Scope
Compute nutrient-related ratios/products (FerritinTS, AGR, Omega3Index, Mg_Cr_Ratio, GlycatedAlbuminPct, UA_Cr_Ratio, BUN_Cr_Ratio, Ca_x_Phosphate, AnionGap, Tyr_Phe_Ratio) with NA/extreme handling and safe divisions; no unit conversion.
When to use
- You have routine nutrient labs (iron, protein, omega-3, renal, electrolytes, amino acids) and want quick derived ratios.
- You need built-in NA policies, high-missingness diagnostics, and optional extreme-value scanning/capping.
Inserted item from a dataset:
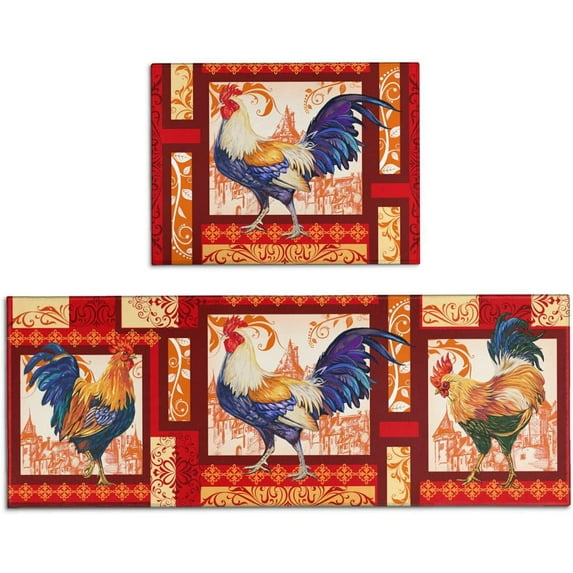 - KITCHEN MAT SET OF 2: The rooster kitchen rug set 2 piece measures approx - 17*30 and 17*48inch. Provide a comfortable large space to stand. Suitable as rooster kitchen decor, chicken kitchen decor, rooster rugs, small rooster rug, rooster and chicken kitchen decor, red kitchen rugs farmhouse style, kitchen rooster decorations, rug for kitchen sink area, red kitchen mats, farmhouse floor mat, chicken rugs for kitchen
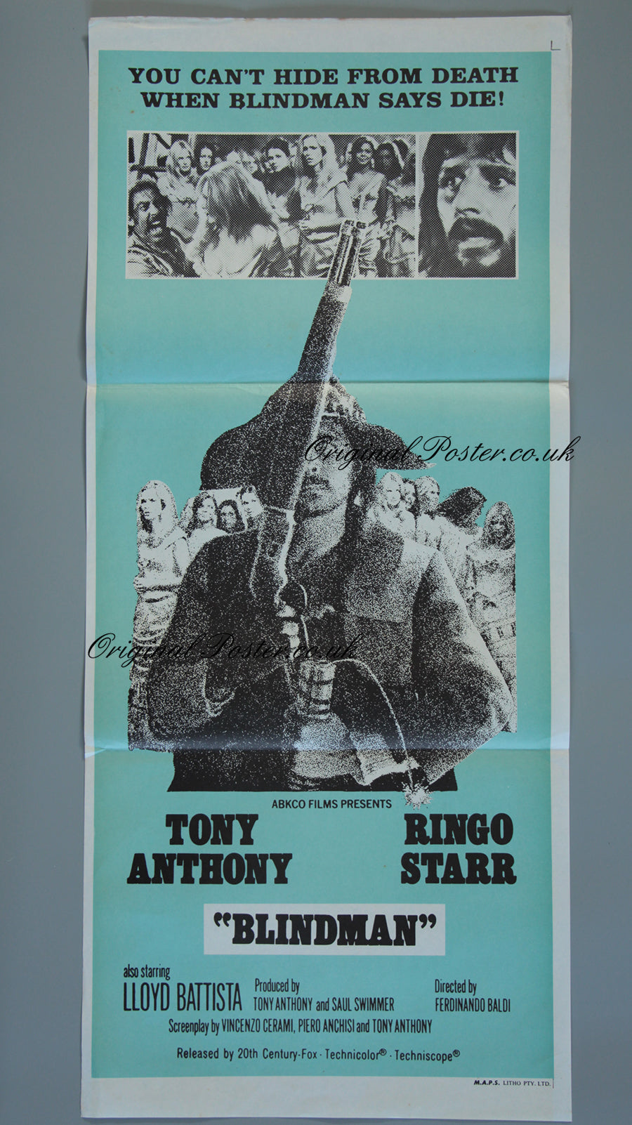 This 1971 film poster for the film "Blindman" tells the story of the blind gunfighter whose job it is to rescue fifty mail-order brides from the bandits in Mexico. Ringo Starr is in the role of Candy and the poster is litho printed by M.A.P.S. and in folded condition as issued to the cinema with no pinholes.

- You can supply inputs in expected units and accept that missing inputs return NA for dependent markers.
Inputs
-
data: data frame/tibble containing any subset of recognized inputs. -
col_map: optional named list mapping keys (defaults to identity):ferritin,transferrin_sat,albumin,total_protein,EPA,DHA,Mg,creatinine,glycated_albumin,uric_acid,BUN,phosphate,calcium,Na,K,Cl,HCO3,Tyr,Phe. Unrecognized keys are ignored. Non-numeric values are coerced with warnings; non-finite set toNA. -
na_action:keep(default) propagates NA;omitdrops rows with NA in used inputs;erroraborts when used inputs contain NA. -
na_warn_prop: threshold for high-missingness diagnostics (default 0.2; shown in verbose/debug). -
verbose: optional progress and summary logging.
Quick start
library(HealthMarkers)
library(tibble)
df <- tibble::tibble(
ferritin = c(50, 100), transferrin_sat = c(30, 50),
albumin = c(45, 40), total_protein = c(70, 75),
EPA = c(2.0, 2.5), DHA = c(4.0, 4.5),
Mg = c(0.85, 0.90), creatinine = c(80, 90),
glycated_albumin = c(12, 14), uric_acid = c(300, 400), BUN = c(14, 16),
phosphate = c(1.0, 1.2), calcium = c(2.3, 2.4),
Na = c(140, 138), K = c(4.2, 4.0), Cl = c(100, 102), HCO3 = c(24, 26),
Tyr = c(60, 70), Phe = c(50, 55)
)
nutrient_markers(
data = df,
col_map = NULL,
na_action = "keep",
verbose = FALSE
)
#> # A tibble: 2 × 10
#> FerritinTS AGR Omega3Index Mg_Cr_Ratio GlycatedAlbuminPct UA_Cr_Ratio
#> <dbl> <dbl> <dbl> <dbl> <dbl> <dbl>
#> 1 1.67 1.8 6 0.0106 26.7 3.75
#> 2 2 1.14 7 0.01 35 4.44
#> # ℹ 4 more variables: BUN_Cr_Ratio <dbl>, Ca_x_Phosphate <dbl>, AnionGap <dbl>,
#> # Tyr_Phe_Ratio <dbl>Extreme values
Extreme inputs will produce extreme derived markers. Pre-filter implausible values before calling.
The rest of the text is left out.